Sechster Artikel. Die Thätigkeit des Wissens bleibt in der getrennten Seele.
a) Dagegen spricht: I. Aristoteles (1. de anima): „Ist der Körper aufgelöst, so erinnert sich die Seele weder an etwas noch liebt sie.“ Das aber thatsächlich betrachten, was sie früher gelernt hat, heißt Erinnerung. Also. II. Die Ideen haben in der getrennten Seele keine größere Kraft wie jetzt. Jetzt aber können wir durch die Ideen nur erkennen, wenn wir uns zu den Phantasiebildern wenden. Da dies also die Seele nicht kann, so vermag sie durch die Ideen, welche sie in sich behält, thatsächlich nicht zu erkennen. III. Aristoteles sagt (2 Ethic. c. 1.): „Aus den Zuständen gehen Thätigkeiten hervor, welche denen ähnlich sind, durch welche diese selbst, die Zustände oder Gewohnheiten, entstanden sind.“ Die Wissenschaft aber in uns ist entstanden dadurch, daß die Vernunft in ihrem Thätigsein sich zu den Phantasiebildern wendet. Also dasselbe wie II. Auf der anderen Seite heißt es Luk. 16.: „Erinnere dich, daß dir vergolten worden ist in deinem irdischen Leben; da hast du Gutes empfangen.“
b) Ich antworte, daß in einer Thätigkeit zwei Dinge zu unterscheiden sind: die Form der Thätigkeit und die Art und Weise derselben. Die erstere nun wird in der Erkenntnisthätigkeit erschlossen durch den Gegenstand des Erkennens; die Art und Weise hängt ab von der Kraft des Erkennenden. So sieht jemand z. B. einen Stein; das kommt von der Form des Steines im Auge. Er sieht ihn scharf und von weitem; das kommt von der Schärfe und Güte seines Auges. In derselben Weise verhält es sich hier. Die Form der Erkenntnis, die Idee, bleibt die nämliche in der getrennten Seele. Aber die Art und Weise des Erkennens vollzieht sich nicht mehr dadurch, daß sich die Vernunft zu den Phantasiebildern wendet, sondern in einer dem Zustande der Seele angemessenen Weise. Und so bleibt in der Seele wohl das der erworbenen Wissenschaft entsprechende thatsächliche Erkennen; aber es bleibt nicht die Art und Weise desselben.

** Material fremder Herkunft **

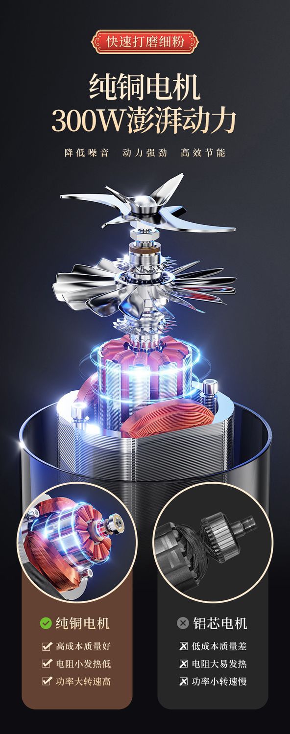 • 304 식품 등급 스테인리스 스틸 [고출력 + 6중 스테인리스 스틸 블레이드]
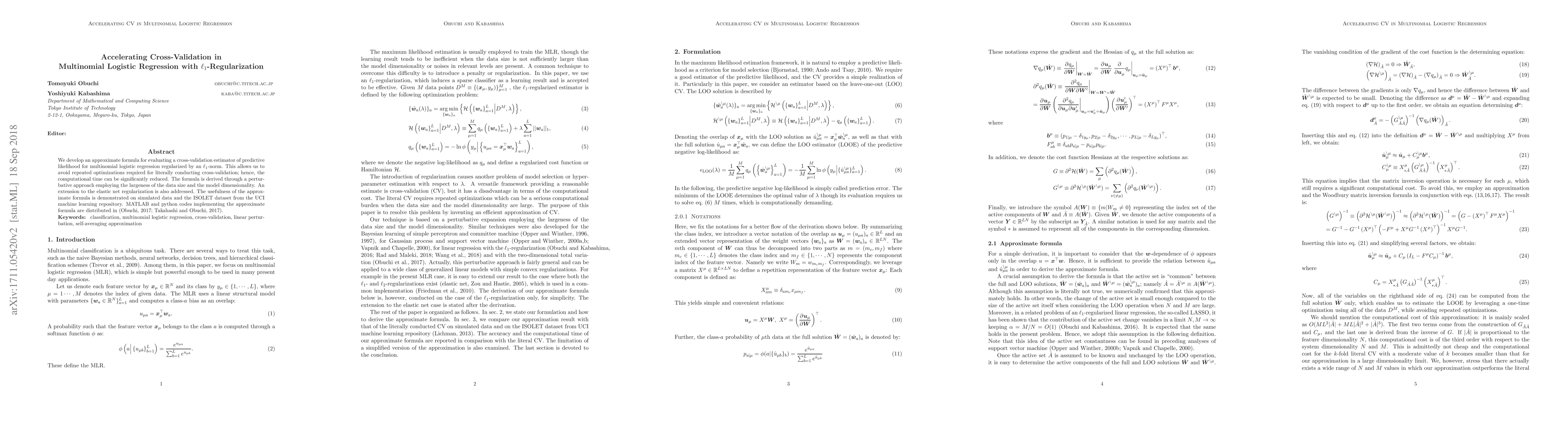 We develop an approximate formula for evaluating a cross-validation estimator of predictive likelihood for multinomial logistic regression regularized by an $\ell_1$-norm. This allows us to avoid repeated optimizations required for literally conducting cross-validation; hence, the computational time can be significantly reduced. The formula is derived through a perturbative approach employing the largeness of the data size and the model dimensionality. An extension to the elastic net regularization is also addressed. The usefulness of the approximate formula is demonstrated on simulated data and the ISOLET dataset from the UCI machine learning repository.

c) I. Aristoteles spricht von der Erinnerung, soweit diese am sinnlichen Gedächtnisse haftet; nicht soweit sie in der geistigen Vernunft ist. II. Die verschiedene Erkenntnisweise kommt nicht von der Verschiedenheit der Ideen, sondern von dem verschiedenen Zustande der Seele. III. Die Thätigkeit, welche aus den Zuständen hervorgeht, ist ähnlich derjenigen, welche zur Bildung derselben beigetragen, der Gattung nach; nicht aber in der Art und Weise des Thätigseins. Vermöge des Zustandes oder der Gewohnheit nämlich geht die Thätigkeit leicht und gewissermaßen mit Vergnügen von statten.